Friday, April 19, 2024

Pegasus: Supreme Court orders independent probe, says Union’s vague denial not sufficient

The Supreme Court on Wednesday ordered a probe into the Pegasus surveillance scandal by a three-member expert committee.

Allegations of snooping using the Pegasus software are about fundamental rights and “could have a chilling effect”, the apex court said.

The expert committee will be headed by former Supreme Court judge, Justice RV Raveendran and will be assisted by Alok Joshi (former IPS Officer) and Dr. Sundeep Oberoi, Chairman, Sub Committee in (International Organisation of Standardisation/ International Electro-Technical Commission/Joint Technical Committee).

The committee’s report has to be handed in to the court by the next hearing, two months later.

A Bench headed by Chief Justice of India NV Ramana is passing the order on Wednesday on a batch of pleas.

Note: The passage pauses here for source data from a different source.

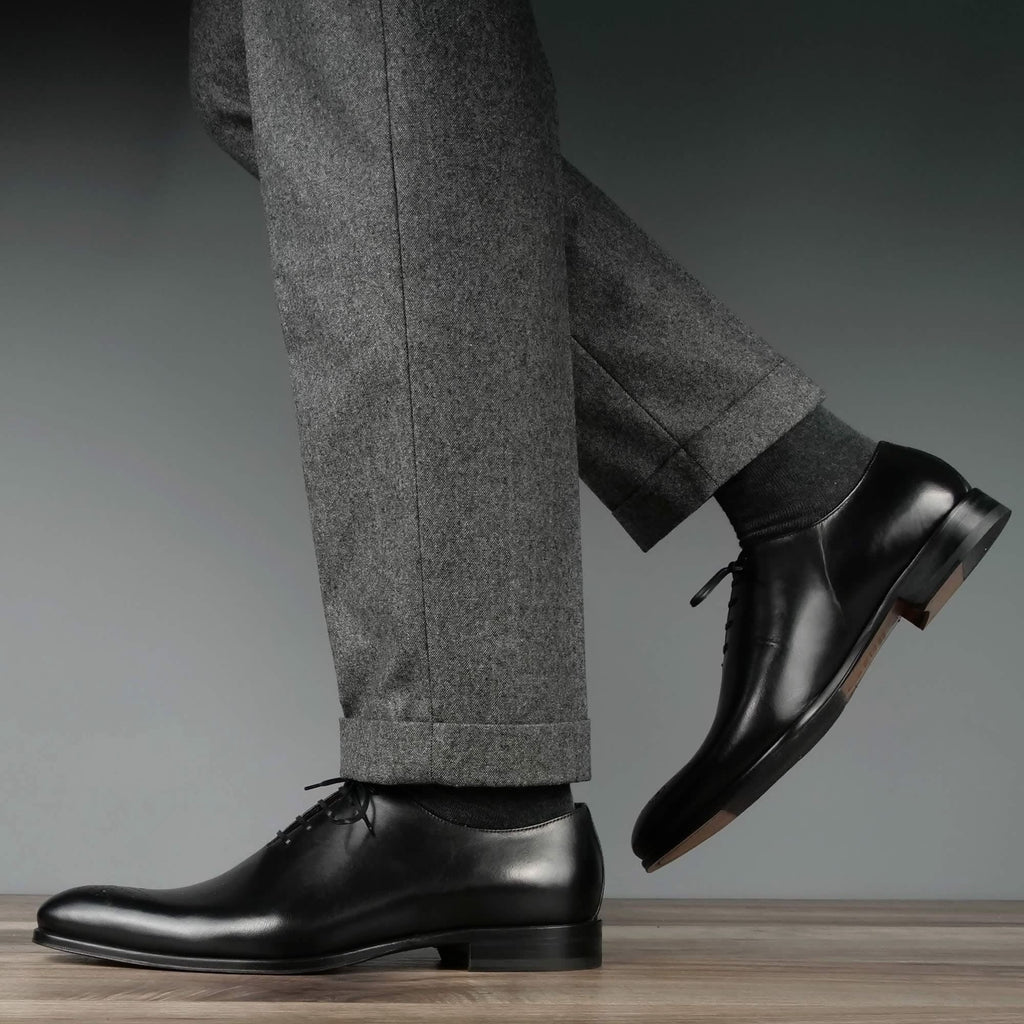 Our Ellington wholecut has a sleek silhouette and slightly chiselled and punched toe. It is formal, subtle and beautiful and in classic black, this is a perfect dress shoe to complement any smart occasion.
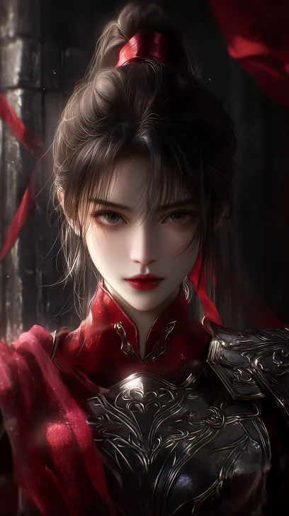 Midjourney Bot 更新时间:2026-03-09 00:00半写实风格,伪bjd质感,伪厚涂质感,高级感,氛围感,cg渲染,颗粒感,极致超清极致细节。古风女子,女将军形象,正面视角,穿大红色锦缎铠甲,黑色高束马尾发,头顶系着红丝带,浓眉,唇色深红,狭长的眼眸带着一丝英气,景深构图,七分身比例,腰部以上,人物面部焦距镜头,光影交错,突出人物面部,明暗对比强烈,烽火连天,身后是深邃的石墙城门和红色旗帜,丁达尔光,朦胧光晕。低视角构图。 --ar 9:16 --stylize 332 --niji 7 --no 低饱和,文字
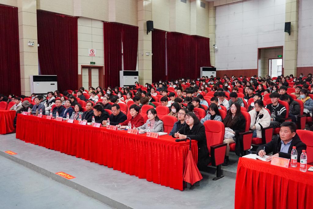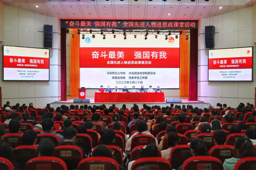 为深入学习贯彻党的二十大精神和全国两会精神,在学校掀起学习先进人物的热潮,构建生动活泼的大思政课堂。3月20日下午,beat365官网联合池州市教体局举办的“全国先进人物进思政课堂”活动在博古礼堂举行,党的二十大代表路丙辉教授、全国人大代表丁德芬、全国语言推广先进个人秦红艳、全国妇联先进个人吴浩应邀做先进事迹宣讲报告。院党委书记孙晓峰出席并致辞,院党委副书记、院长郑兰荣,池州市教体局副局长许雪梅出席。院党委副书记崔国发主持宣讲会。办公室、宣传部、学生处、团委、马克思主义学院和各二级学院的领导以及辅导员代表、学生代表、池州市思政课教师代表等共600余名师生聆听了报告。
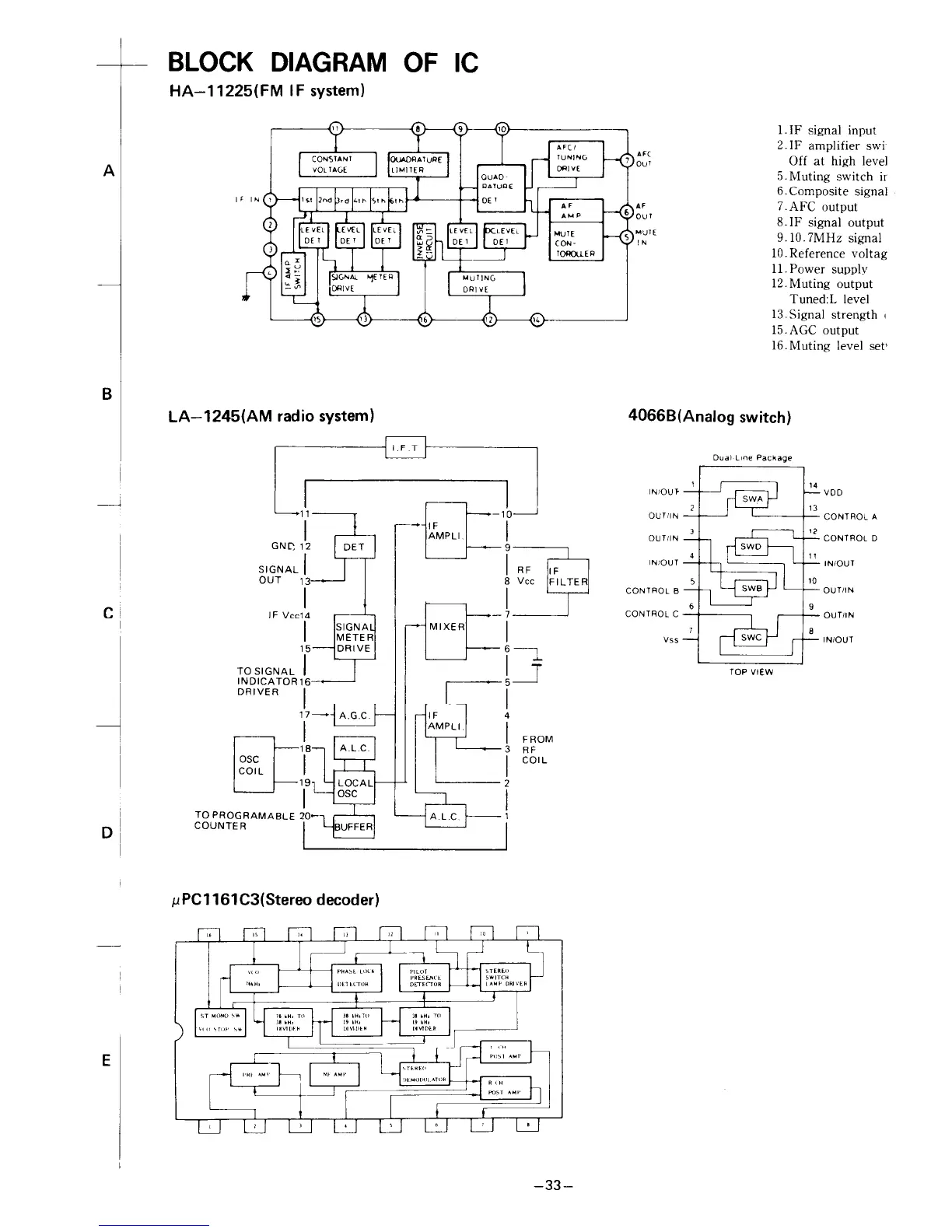 Onkyo TX28 - IC Block Diagrams; HA-11225 (FM IF System); LA-1245 (AM Radio System); µPC1161 C3 (Stereo Decoder)

Petitioners, including former union minister Yashwant Sinha, CPM MP John Brittas, Supreme Court advocate ML Sharma, the Editors’ Guild of India and individual journalists, had asked the court to order the government to produce details of the alleged unauthorised surveillance using Pegasus.

“The state cannot get free pass everytime by raising national security concerns. No omnibus prohibition can be called against judicial review. Centre should have justified its stand here and not render the court a mute spectator,” the bench was quoted as saying by legal website Bar and Bench.

“There has been no specific denial by the Centre. Thus, we have no option but to accept the submissions of petitioner prima facie and thus, we appoint an expert committee whose function will be overseen by the Supreme Court,” it added.

The Pegasus Project, a collaboration of 80 journalists with the Technical lab of Amnesty International, 17 news organisations, coordinated by Forbidden Stories did an in-depth forensic analysis into the massive data leak of people spied by NSO Group for government clients.

The report uncovered ‘widespread, persistent and ongoing unlawful surveillance and human rights abuses’ using the Israeli company NSO Group’s Pegasus spyware. The Wire was the Indian media organisation working with the project.